Figures & data
Figure 1 A proposed model for the formation of IDE-AβSCx. Monomeric Aβ (Aβm) may follow a pathway of self-assembly to form oligomers (Aβo) or interact with the binding site (or at least a part of it) of fully active or inactive IDE conformers (IDEa and IDEi, respectively) to form a reversible IDE-Aβ encounter complex. IDEa and IDEi may be or not in equilibrium. IDE-AβSCx formation proceeds very slowly (represented by the dashed arrows) as an irreversible process that involves a conformational change in both molecules. In the case of IDEa-Aβ at neutral pH, the pathway is largely favored toward proteolysis of Aβ and free IDE (not depicted). Alternatively, it may lead to the slow formation of IDE-AβSCx.

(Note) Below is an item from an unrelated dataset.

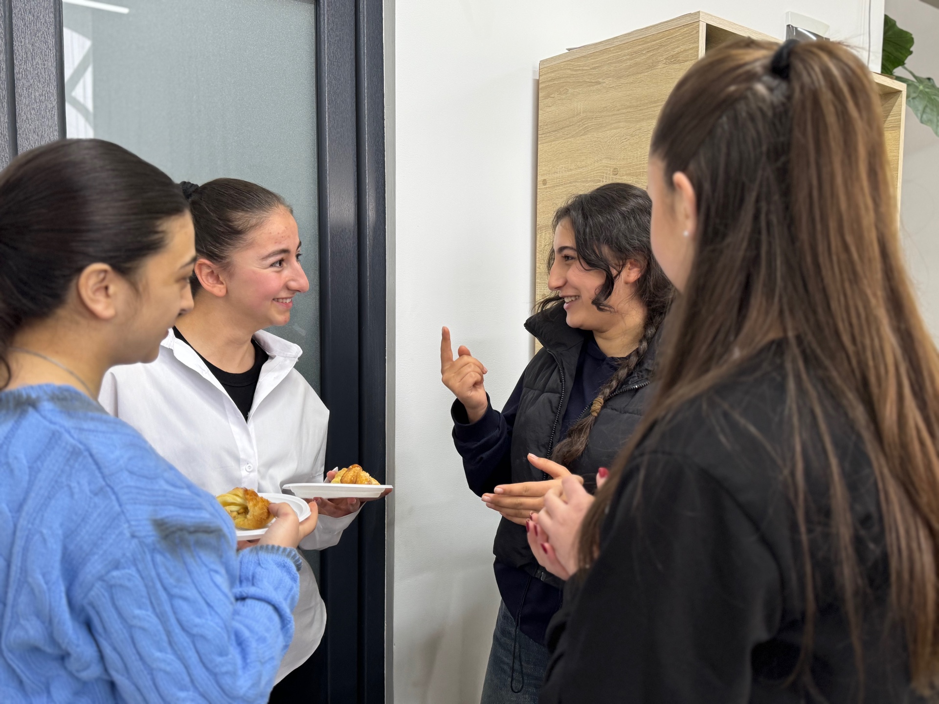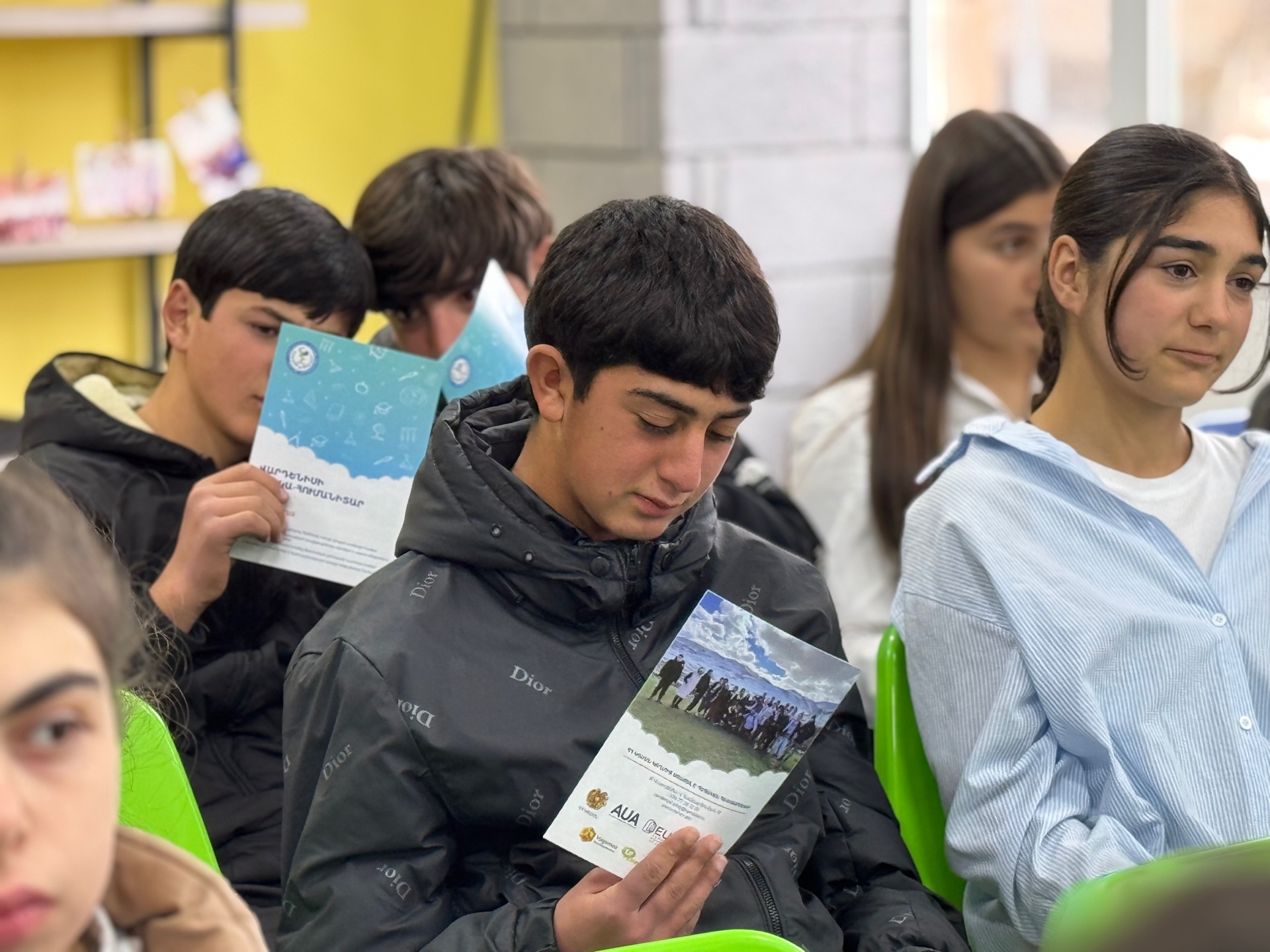 Հանդիպման ավարտին աշակերտները պատրաստել էին անակնկալ, հանդես գալով գեղեցիկ ասմունքով և կիթառային կատարումներով, որին միացան նաև մեր ուսանողները՝ ստեղծելով ջերմ, ընկերական և ոգեշնչող մթնոլորտ։

Figure 2 Endogenous IDE-AβSCx from rat brain. Rat brain IDE was immunoprecipitated with monoclonal anti-IDE 3A2, proteins resolved on SDS-PAGE and the 120 kDa specific band digested in-gel with endo-LysC. Products were analyzed by MALDI-TOF as describedCitation13 and 51 peaks were assigned to IDE (not shown). The depicted spectrum shows a peak (peak A) with the average mass of rodent Aβ1–28 (error <1 dalton), a predicted product of endo-Lys C digestion of Aβ between Lys28-Gly29 (inset). Obs. M, observed mass; Calc. M, calculated mass. This peptide did not match to IDE sequence and was not found after digestion of a piece of gel from the 120 kDa region of a rat brain inmunoprecipitation with an unrelated antibody (not shown).
Figure 3 Proposed IDE-AβSCx formation and fate in a cellular context. IDE may interact with extracellular Aβ or with newly generated Aβ along the endocytic pathway. At neutral pH, IDE retains full catalytic activity and degrades Aβ monomers. As acidification increases along the pathway, IDE activity is reduced and more IDE-AβSCx is generated. Unbound monomeric Aβ, in turn, may aggregate readily favored by its isoelectric point. The formation of IDE-AβSCx may trap Aβ monomers irreversibly, preventing their massive oligomerization in acidic compartments. Possible destinations of IDE-AβSCx include its translocation and targeting to the proteasome, lysosomal degradation or secretion via exosomes. MVB, multivesicular bodies. The triangles on the right side depict schematically the opposite trends of IDE activity and Aβ aggregation within the intra-luminal pH range indicated by the numbers beside subcellular organelles (reviewed in ref. Citation40). For clarity, the more abundant IDE in the cytosol and other possible sites of Aβ aggregation are not depicted.
Figure 4 Stable complexes formed by IDE with different amyloid peptides. Recombinant rat IDE (rIDE) was incubated at a 25:1 molar ratio (peptide:enzyme) for 3 h at 37°C with the indicated amyloid peptides. Aβ1–40 genetic variants containing amino acid substitutions are associated with hereditary forms of AD or amyloid angiopathy and stroke. The ABri and ADan peptides are associated with familial British and Danish dementia, respectively. Top, schematic representation of the variant peptides with the amino acid substitutions in italics and underlined (the one-letter code is used). pE denotes pyroglutamic acid. The C-termini of ABri and ADan are the result of a loss of a stop codon after Ser23 or a duplication-insertion immediately before the stop codon, respectively. The N-termini are stabilized by intra-chain disulfide bonds. Bottom, Western blots with monoclonal anti-Aβ 6E10 or polyclonal anti-ABri or anti-ADan to detect Aβ, ABri or ADan peptides alone or in complex with rIDE, respectively. Before running the gel, samples were boiled in 8% SDS containing 0.1 M DTT for 5 min. The stable complexes are indicated by arrows (Cx). On the left, molecular mass standards, in kilodaltons.